__Data records__
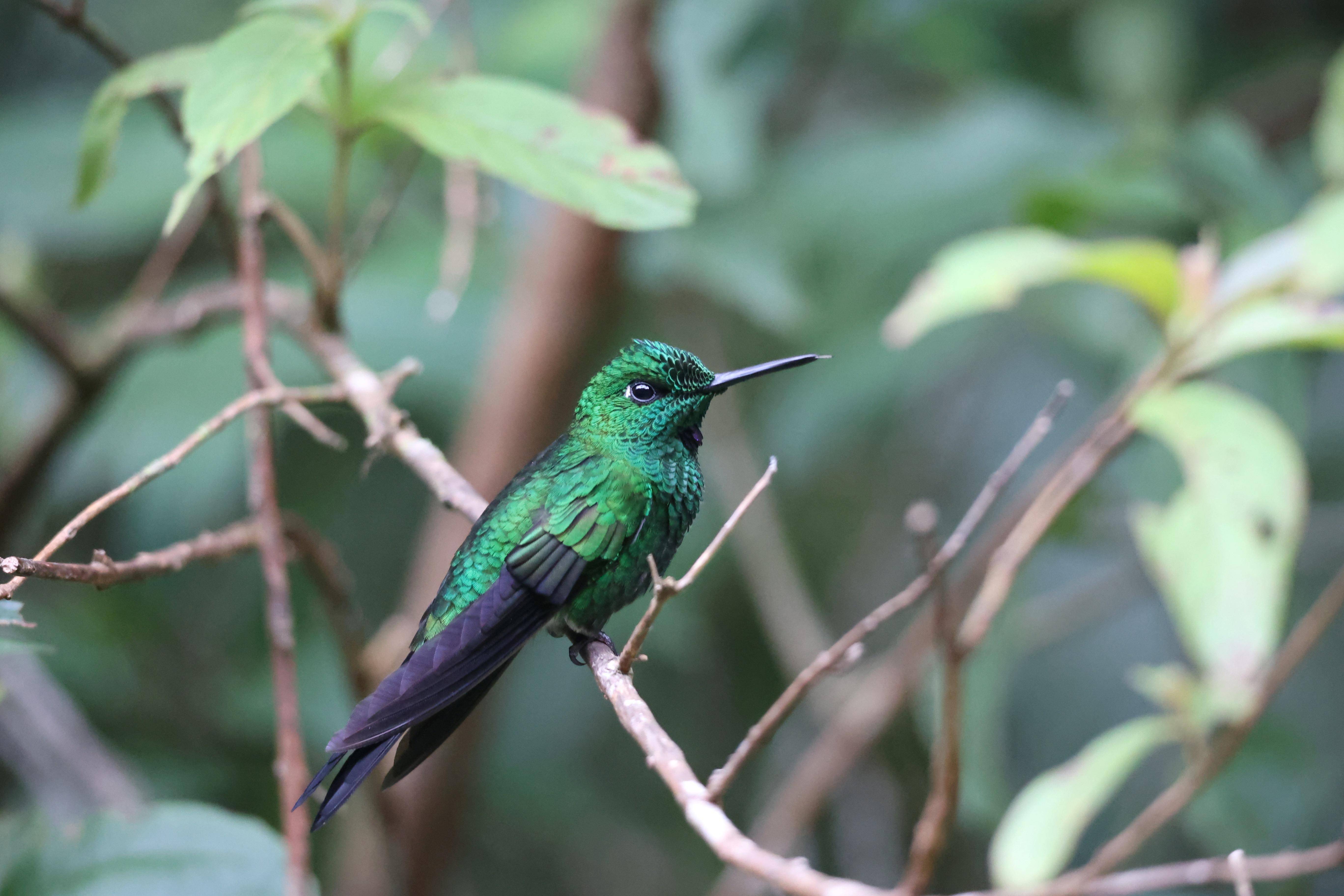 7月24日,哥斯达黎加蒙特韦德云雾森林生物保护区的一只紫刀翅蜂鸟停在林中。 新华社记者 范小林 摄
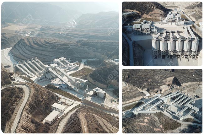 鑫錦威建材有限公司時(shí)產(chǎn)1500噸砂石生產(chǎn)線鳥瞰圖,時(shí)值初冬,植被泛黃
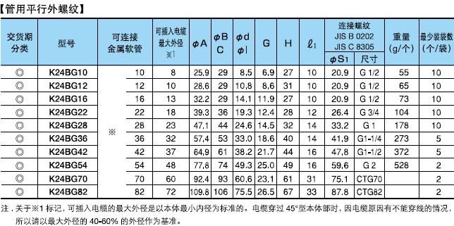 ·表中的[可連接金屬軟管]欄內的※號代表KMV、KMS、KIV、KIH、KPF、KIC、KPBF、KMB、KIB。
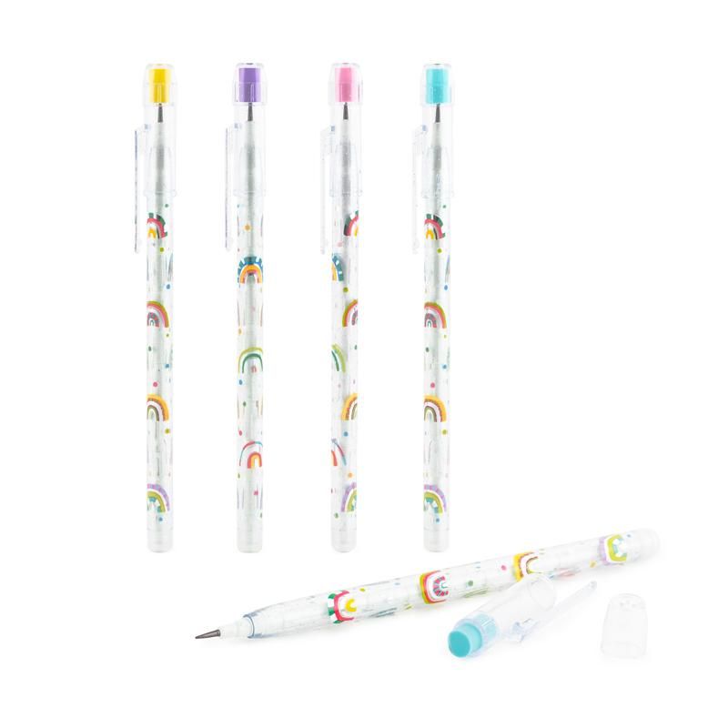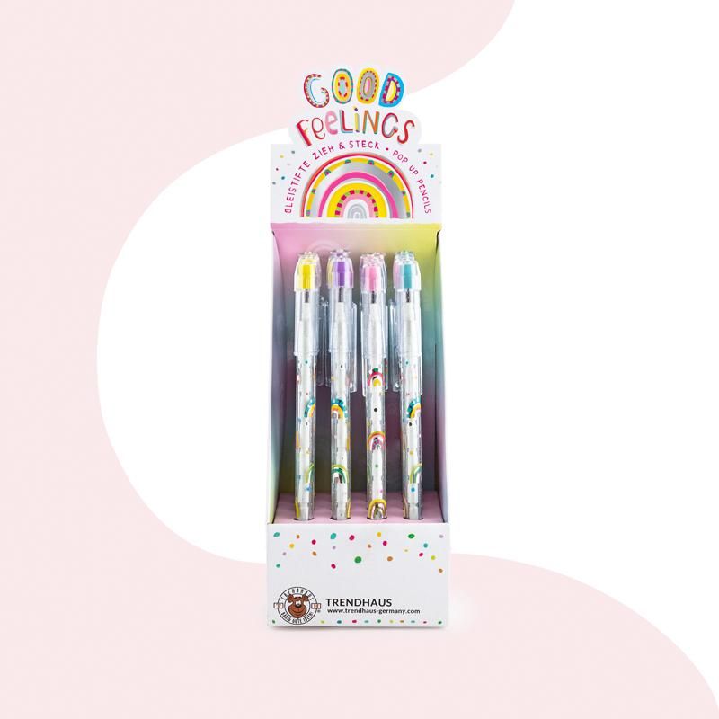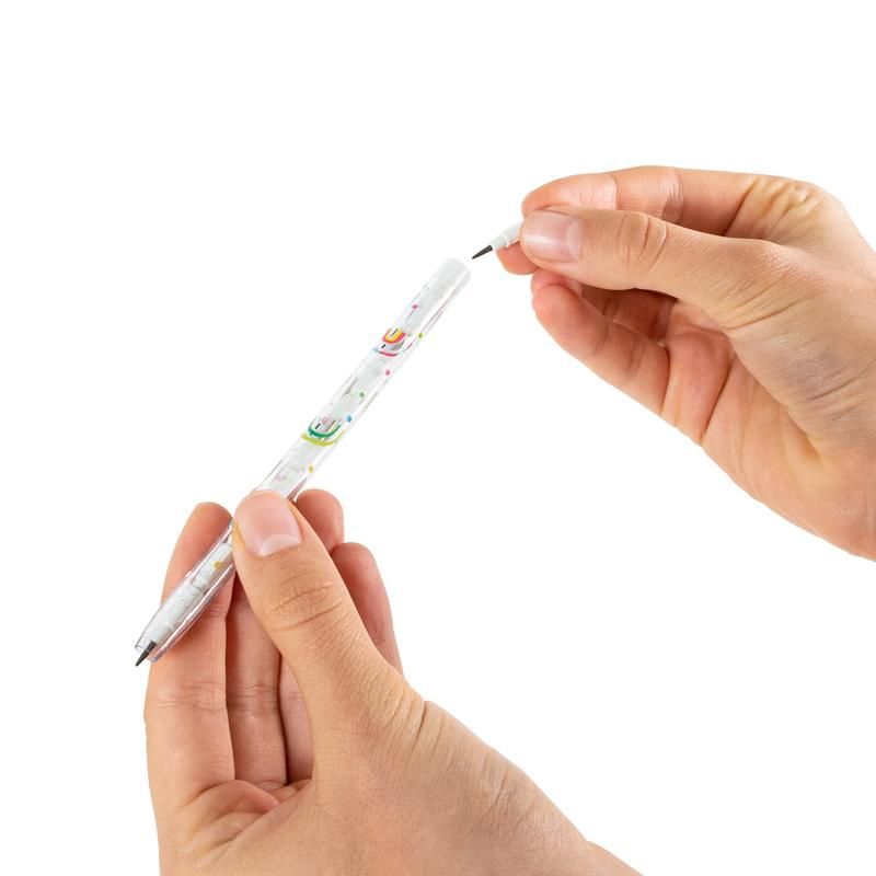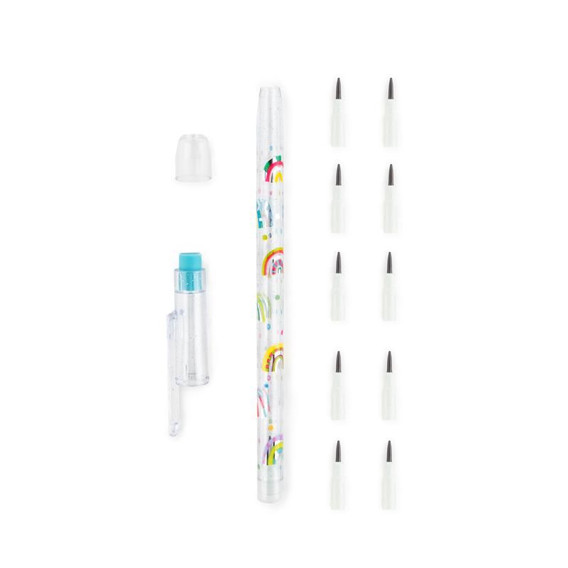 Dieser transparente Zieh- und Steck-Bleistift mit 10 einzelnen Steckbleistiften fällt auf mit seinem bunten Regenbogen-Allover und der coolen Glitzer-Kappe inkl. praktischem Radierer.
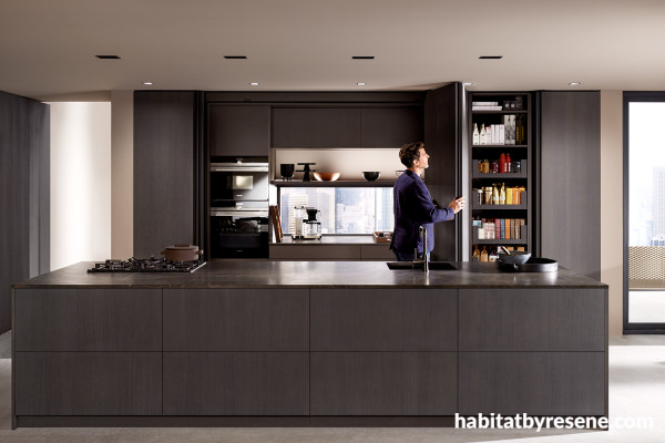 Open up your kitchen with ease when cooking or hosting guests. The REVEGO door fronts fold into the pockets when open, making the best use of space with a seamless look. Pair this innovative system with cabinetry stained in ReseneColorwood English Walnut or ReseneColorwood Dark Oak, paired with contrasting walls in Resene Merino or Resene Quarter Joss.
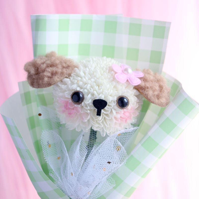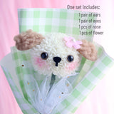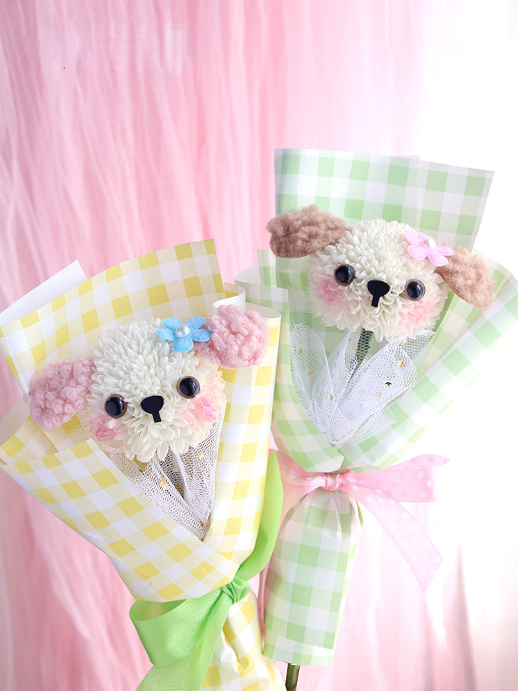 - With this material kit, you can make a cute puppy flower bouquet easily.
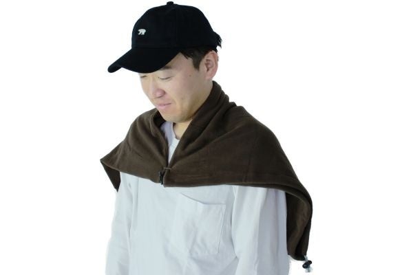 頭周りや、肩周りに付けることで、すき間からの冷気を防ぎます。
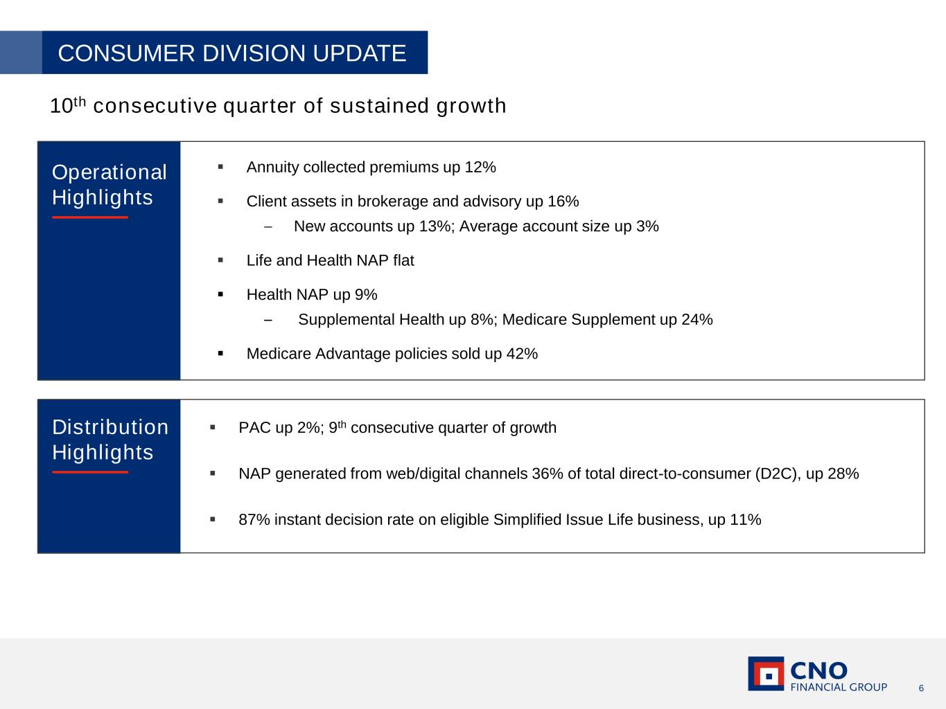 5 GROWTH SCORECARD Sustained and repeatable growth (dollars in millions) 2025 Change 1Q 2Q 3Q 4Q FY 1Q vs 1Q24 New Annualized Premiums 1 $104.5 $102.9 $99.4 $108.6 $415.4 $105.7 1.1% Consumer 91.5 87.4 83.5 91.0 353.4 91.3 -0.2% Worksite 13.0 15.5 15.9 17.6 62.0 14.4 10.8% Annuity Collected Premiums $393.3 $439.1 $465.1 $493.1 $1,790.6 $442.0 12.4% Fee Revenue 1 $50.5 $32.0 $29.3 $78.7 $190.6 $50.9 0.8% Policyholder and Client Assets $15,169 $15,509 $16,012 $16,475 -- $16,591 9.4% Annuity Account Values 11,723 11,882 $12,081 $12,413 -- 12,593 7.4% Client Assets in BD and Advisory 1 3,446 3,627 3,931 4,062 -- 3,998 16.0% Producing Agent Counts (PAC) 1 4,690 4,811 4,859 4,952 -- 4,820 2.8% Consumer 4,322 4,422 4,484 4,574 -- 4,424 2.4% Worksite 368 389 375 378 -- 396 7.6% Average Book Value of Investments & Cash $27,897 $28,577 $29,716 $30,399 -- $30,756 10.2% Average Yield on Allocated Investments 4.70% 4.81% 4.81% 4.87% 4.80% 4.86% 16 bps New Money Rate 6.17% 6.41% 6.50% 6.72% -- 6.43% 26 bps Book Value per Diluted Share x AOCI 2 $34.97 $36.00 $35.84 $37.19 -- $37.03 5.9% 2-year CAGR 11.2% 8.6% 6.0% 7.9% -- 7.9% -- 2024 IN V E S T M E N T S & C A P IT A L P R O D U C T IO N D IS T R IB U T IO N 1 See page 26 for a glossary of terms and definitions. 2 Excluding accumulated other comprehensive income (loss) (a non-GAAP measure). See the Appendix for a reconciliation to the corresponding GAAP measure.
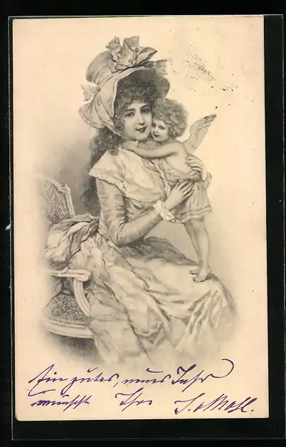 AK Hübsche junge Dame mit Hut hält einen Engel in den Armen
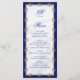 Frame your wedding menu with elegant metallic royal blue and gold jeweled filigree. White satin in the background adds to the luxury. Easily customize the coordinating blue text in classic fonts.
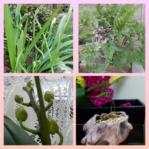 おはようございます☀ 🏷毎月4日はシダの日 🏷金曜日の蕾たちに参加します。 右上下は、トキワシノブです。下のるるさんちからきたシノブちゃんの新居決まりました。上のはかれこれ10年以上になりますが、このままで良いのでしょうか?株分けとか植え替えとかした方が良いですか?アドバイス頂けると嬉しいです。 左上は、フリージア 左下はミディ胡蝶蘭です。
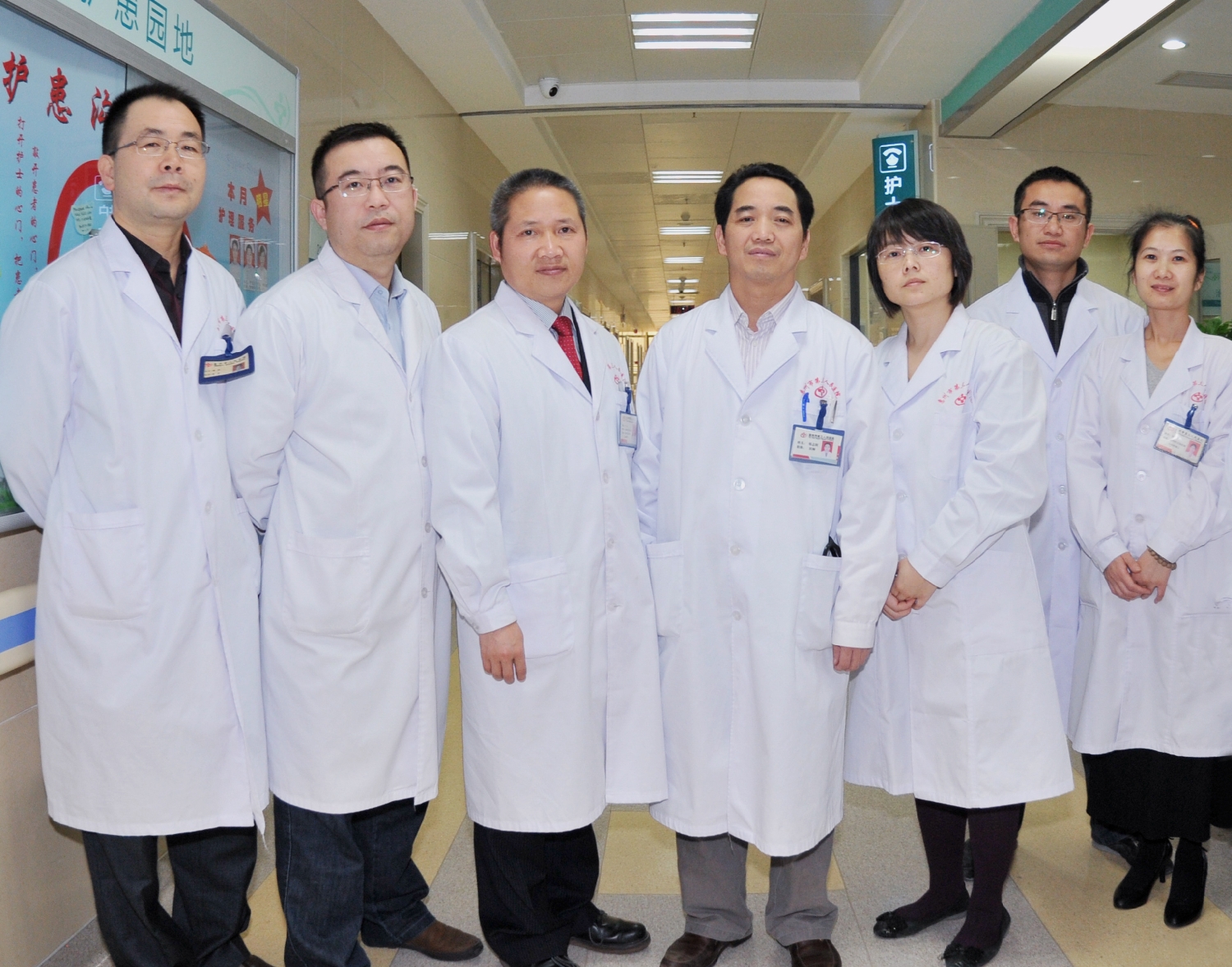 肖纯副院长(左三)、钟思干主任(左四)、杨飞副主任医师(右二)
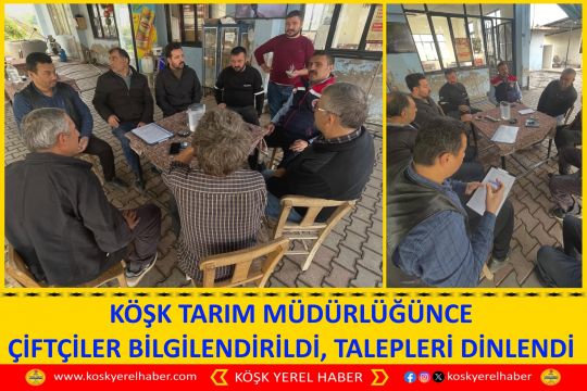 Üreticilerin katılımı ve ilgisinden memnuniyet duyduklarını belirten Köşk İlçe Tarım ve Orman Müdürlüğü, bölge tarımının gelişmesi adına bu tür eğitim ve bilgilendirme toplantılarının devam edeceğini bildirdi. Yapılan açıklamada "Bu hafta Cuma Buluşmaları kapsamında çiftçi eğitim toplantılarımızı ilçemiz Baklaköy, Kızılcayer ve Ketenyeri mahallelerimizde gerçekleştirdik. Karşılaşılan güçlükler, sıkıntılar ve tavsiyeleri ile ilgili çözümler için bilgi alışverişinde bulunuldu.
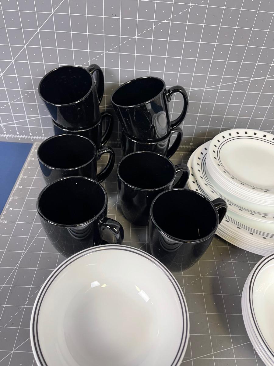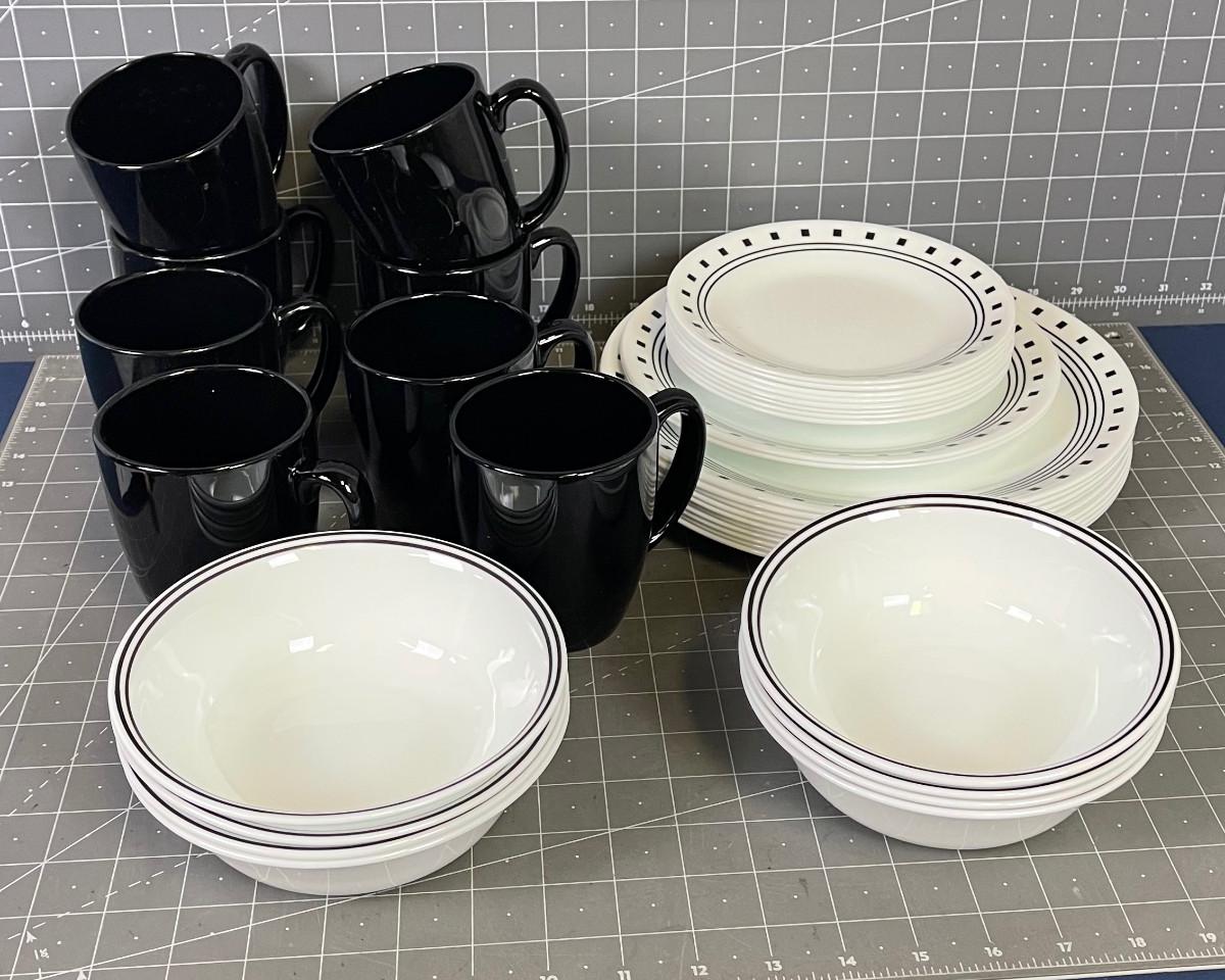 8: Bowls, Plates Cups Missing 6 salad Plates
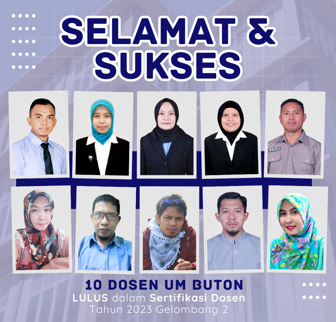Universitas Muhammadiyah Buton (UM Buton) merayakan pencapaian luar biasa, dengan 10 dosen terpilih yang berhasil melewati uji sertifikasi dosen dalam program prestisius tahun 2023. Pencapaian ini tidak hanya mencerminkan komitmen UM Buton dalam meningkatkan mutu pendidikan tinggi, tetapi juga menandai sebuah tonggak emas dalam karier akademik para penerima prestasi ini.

__Exercise details__
Return word for word the lines of the listing above, starting at the line with "- With this" and ending at the line with "頭周りや、肩周りに付けることで、すき間からの冷気を防ぎます。", both included. Pictures do not belong in the copy.

__Response to the task__
 - With this material kit, you can make a cute puppy flower bouquet easily.
 頭周りや、肩周りに付けることで、すき間からの冷気を防ぎます。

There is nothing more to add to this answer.